Judging from the $p$ values we can now clearly reject the null hypothesis for $\beta_2$, but barely for $\beta_1$. However, the estimated parameters are far from the true values. The one bad measurement had a large impact on the results.

In [None]:
fig = lmplots.plot(lm)
plt.show()

The bad measurement is among the outliers, but not extreme compared to the other outliers. The bad observation has extremely high leverage, lying out side the 0.5 Cook's distance contour. This is a clear indication that something is wrong with this observation.

In [None]:
lm1 = smf.ols('y~x1', data).fit()
lm1.summary().tables[1]

The $p$-value for $\beta_1$ is virtually zeror so we can reject $H_0: \beta_1 = 0$. The values of the parameters are close to the true values.

In [None]:
fig = lmplots.plot(lm1)
plt.show()

In this fit the new observation is the most extreme outlier. It also has high leverage, but well inside the 0.5 Cook's distance contour. We would still conclude something wrong with this observation, but observation 71 looks equally bad.

In [None]:
lm2 = smf.ols('y~x2', data).fit()
lm2.summary().tables[1]

The $p$-value for $\beta_2$ is virtually zero, but the fitted parameter value is far from the truth.

In [None]:
fig = lmplots.plot(lm2, annotations=5)
plt.show()

The new observation is not among the outliers in the `y~x2` fit. But the leverage is very high, approaching the 0.5 Cook's distance contour.

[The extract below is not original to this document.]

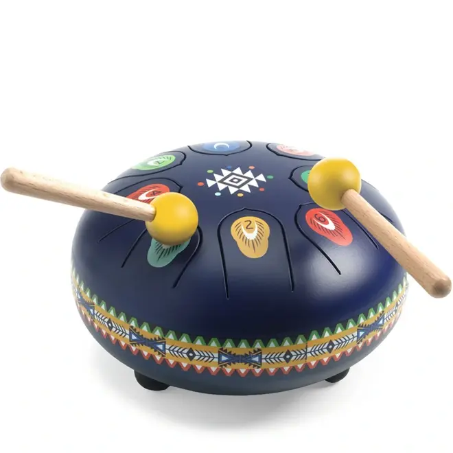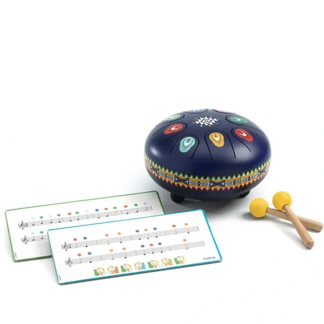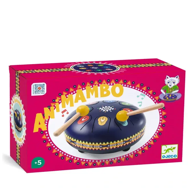 De Djeco Animambo metalen trommel heeft 8 delen die precies overeenkomen met muzieknoten. Kinderen kunnen met de meegeleverde stokjes op de gebieden kloppen en zo de mooiste geluiden maken.

In summary, the bad observation affects the full `y~x1+x2` fit most. This is because it does not follow the true correlation between $x_2$ and $x_1$ at all. This can also be seen in the $x_2$ versus $x_1$ scatter plot.

In [None]:
ax = sns.scatterplot(x='x1', y='x2', data=data)
x1_new, x2_new = data.iloc[100]['x1'], data.iloc[100]['x2']
ax = sns.scatterplot([x1_new], [x2_new])
ax.annotate(100, (x1_new, x2_new))
plt.show()